**BRIEF**
In the answer, give the entries below exactly, from the first line through the line with "45 245 #ポケモンイラスト", with every picture omitted.

**MATERIAL SHOWN**
────────────────────────────────────────

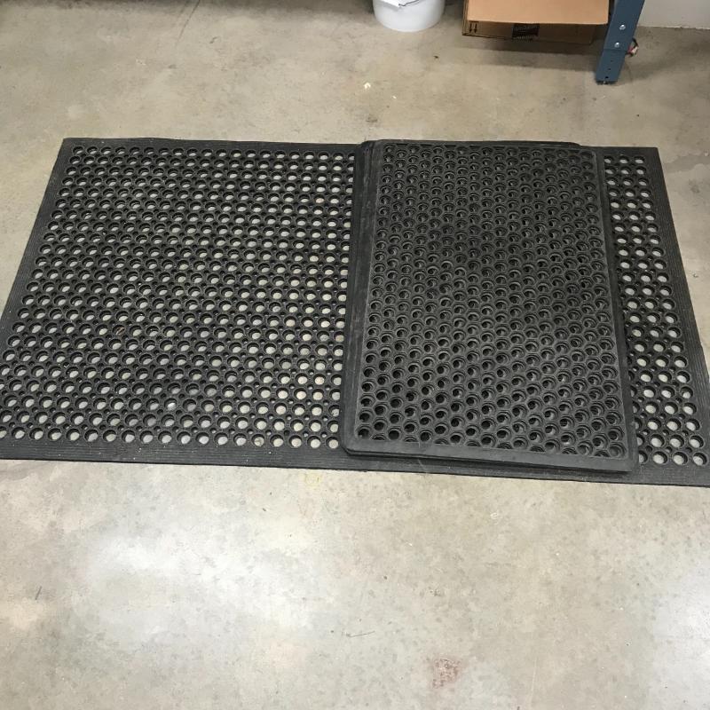 5 Relief Rubber Mats for concrete floors. Large one measure 60” x36” and 4 smaller ones.
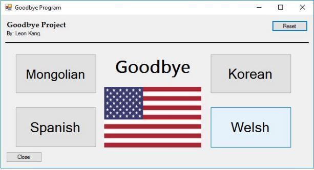 My very first C# program where you can click 4 buttons for 4 different languages that say goodbye, along with showing the languages flag.
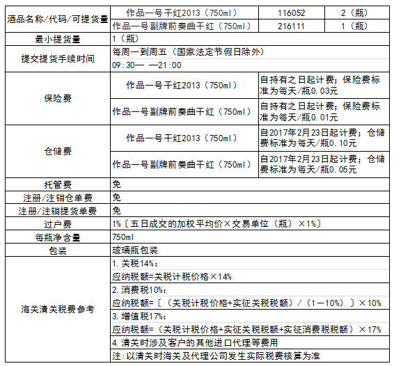 根据 《作品一号干红2013(750ml)作品一号副牌前奏曲干红(750ml)酒品发售公告》, 下列酒品已达上海自贸区红酒交易中心自贸区仓库,自2016年11月23日起,可提交提货手续,办理提货。
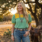 Get ready to cheer in style with our playful Baylor Gingham Halftime Blouse! Featuring gold embroidery on green gingham with puff sleeves, and a charming crew collar add fun flair, while handy pockets keep your essentials close. Perfect for showing off your Baylor Bear spirit, this versatile blouse easily dresses up or down for game day and beyond.
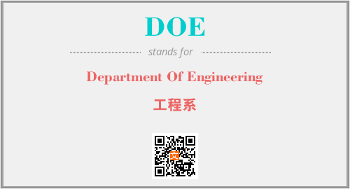 以上为Department Of Engineering英文缩略词DOE的中文解释,以及该英文缩写在英语的流行度、分类和应用领域方面的信息。
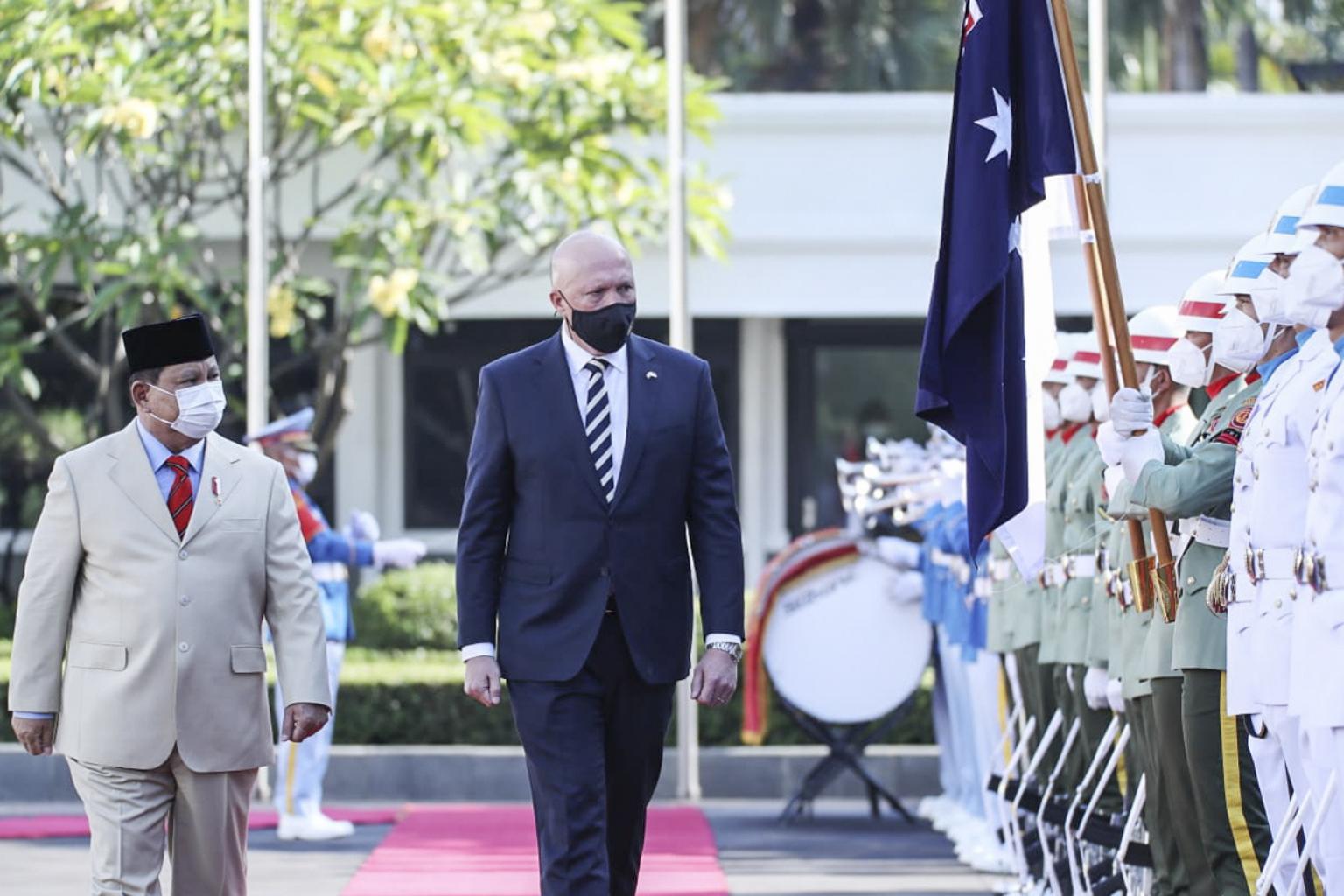 Indonesian Defence Minister Prabowo Subianto and his Australian counterpart Peter Dutton inspecting the honour guards before their meeting in Jakarta on Sept 9, 2021.
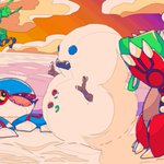 45 245 #ポケモンイラスト 煽るナマコブシと怒るカイオーガとただそこにあるスイカ 23/07/28 16:52
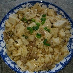 放肉末,一起煮。肉熟了,豆腐也有肉味啦。
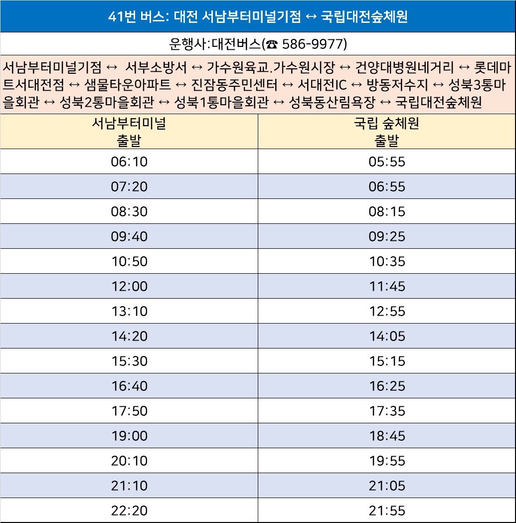 대전 41번: 서남부터미널기점 ↔ 서부소방서 ↔ 가수원육교.가수원시장 ↔ 건양대병원네거리 ↔ 롯데마트서대전점 ↔ 샘물타운아파트 ↔ 진잠동주민센터 ↔ 서대전IC ↔ 방동저수지 ↔ 성북3통마을회관 ↔ 성북2통마을회관 ↔ 성북1통마을회관 ↔ 성북동산림욕장 ↔ 국립대전숲체원

────────────────────────────────────────

**ANSWER FOR THE TASK**
 5 Relief Rubber Mats for concrete floors. Large one measure 60” x36” and 4 smaller ones.
 My very first C# program where you can click 4 buttons for 4 different languages that say goodbye, along with showing the languages flag.
 根据 《作品一号干红2013(750ml)作品一号副牌前奏曲干红(750ml)酒品发售公告》, 下列酒品已达上海自贸区红酒交易中心自贸区仓库,自2016年11月23日起,可提交提货手续,办理提货。
 Get ready to cheer in style with our playful Baylor Gingham Halftime Blouse! Featuring gold embroidery on green gingham with puff sleeves, and a charming crew collar add fun flair, while handy pockets keep your essentials close. Perfect for showing off your Baylor Bear spirit, this versatile blouse easily dresses up or down for game day and beyond.
 以上为Department Of Engineering英文缩略词DOE的中文解释,以及该英文缩写在英语的流行度、分类和应用领域方面的信息。
 Indonesian Defence Minister Prabowo Subianto and his Australian counterpart Peter Dutton inspecting the honour guards before their meeting in Jakarta on Sept 9, 2021.
 45 245 #ポケモンイラスト 煽るナマコブシと怒るカイオーガとただそこにあるスイカ 23/07/28 16:52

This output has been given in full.